Start of Data excerpt

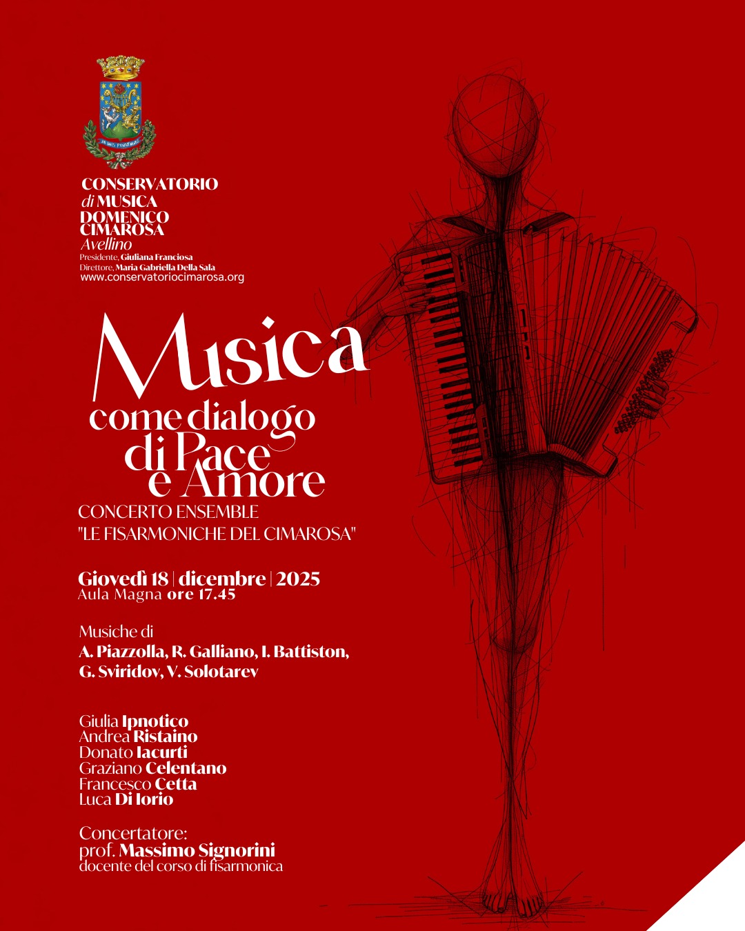 L’Aula Magna del Conservatorio “Domenico Cimarosa” di Avellino, giovedì 18 dicembre, alle ore 17.45, accoglierà l’evento “Musica come dialogo di Pace e Amore”, un concerto che vede protagonisti gli studenti dell’istituto.
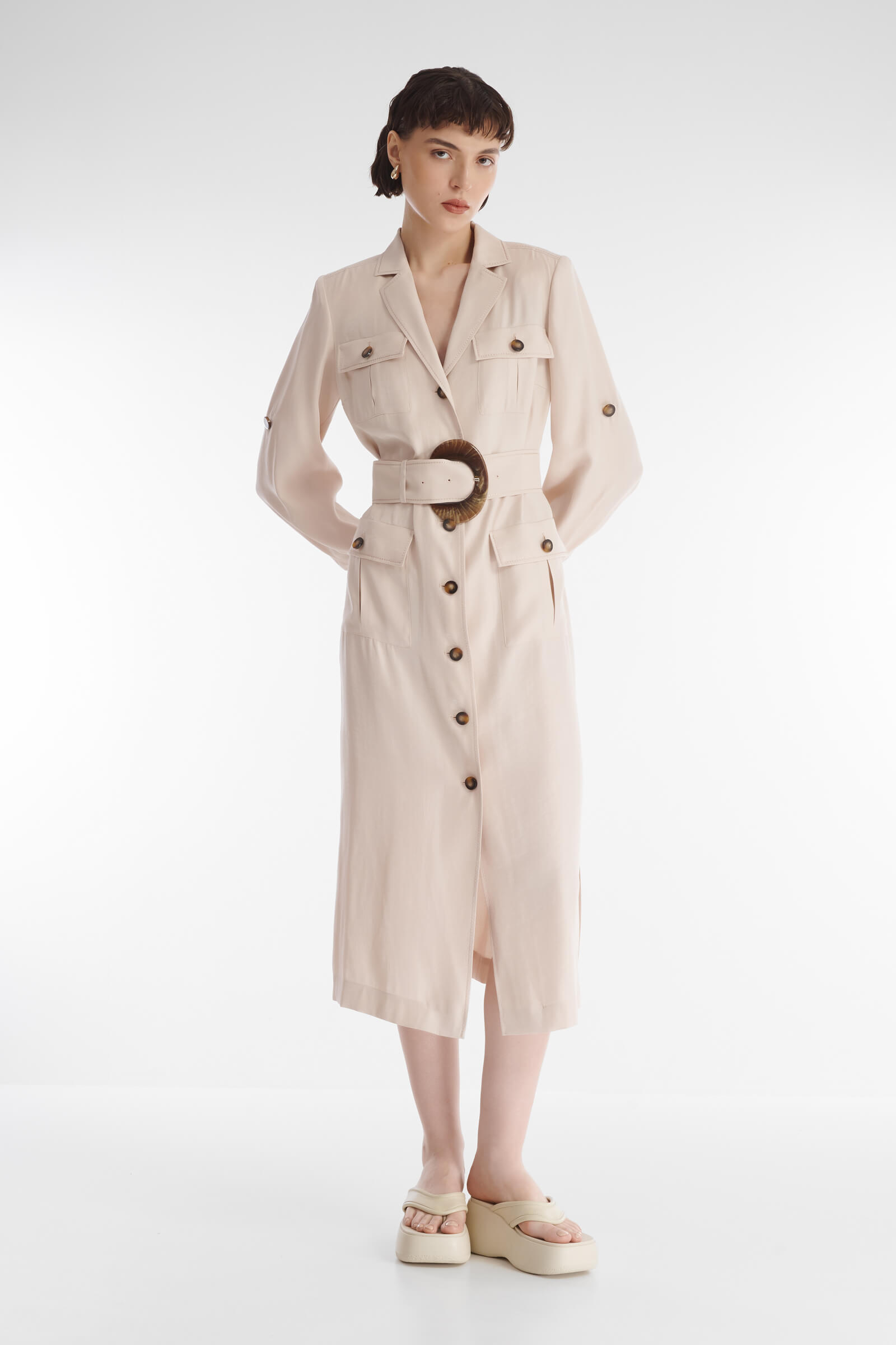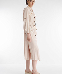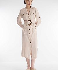Платье-рубашка в стиле сафари сочетает функциональность и актуальный дизайн. Накладные карманы на пуговицах, рукава с хлястиками, позволяющими регулировать длину, и удобные боковые разрезы. Мягкий материал на основе вискозы приятен для кожи, пропускает воздух и не требует особого ухода. Платье будет гармонично смотреться как с обувью на каблуке, так и на плоском ходу.
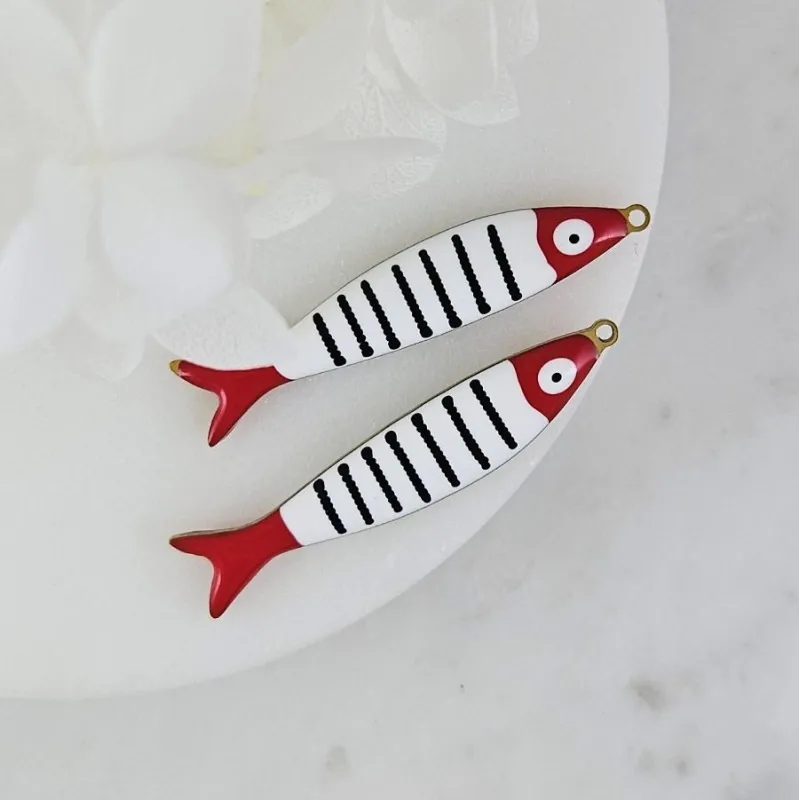 Красная головка, чёрный узор, золотое сияние — эта рыбка привнесёт в ваши украшения смелое средиземноморское настроение. Идеальна для тех, кто любит выразительные детали с характером.
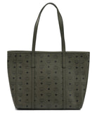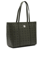 Mcm "Toni" tote shoulder bag, constructed of Visetos canvas with semi-rigid structure and defined profiles. The top handles are made of leather and secured with visible stitching. The wide silhouette is complemented by a top zipper closure and interior functional details. Silver cobalt metal elements and a brass logo plaque characterize the finish.

End of Data excerpt

#### Requirement:
Output a faithful copy of the data, with each picture left out.

#### Response to the exercise:
 L’Aula Magna del Conservatorio “Domenico Cimarosa” di Avellino, giovedì 18 dicembre, alle ore 17.45, accoglierà l’evento “Musica come dialogo di Pace e Amore”, un concerto che vede protagonisti gli studenti dell’istituto.
Платье-рубашка в стиле сафари сочетает функциональность и актуальный дизайн. Накладные карманы на пуговицах, рукава с хлястиками, позволяющими регулировать длину, и удобные боковые разрезы. Мягкий материал на основе вискозы приятен для кожи, пропускает воздух и не требует особого ухода. Платье будет гармонично смотреться как с обувью на каблуке, так и на плоском ходу.
 Красная головка, чёрный узор, золотое сияние — эта рыбка привнесёт в ваши украшения смелое средиземноморское настроение. Идеальна для тех, кто любит выразительные детали с характером.
 Mcm "Toni" tote shoulder bag, constructed of Visetos canvas with semi-rigid structure and defined profiles. The top handles are made of leather and secured with visible stitching. The wide silhouette is complemented by a top zipper closure and interior functional details. Silver cobalt metal elements and a brass logo plaque characterize the finish.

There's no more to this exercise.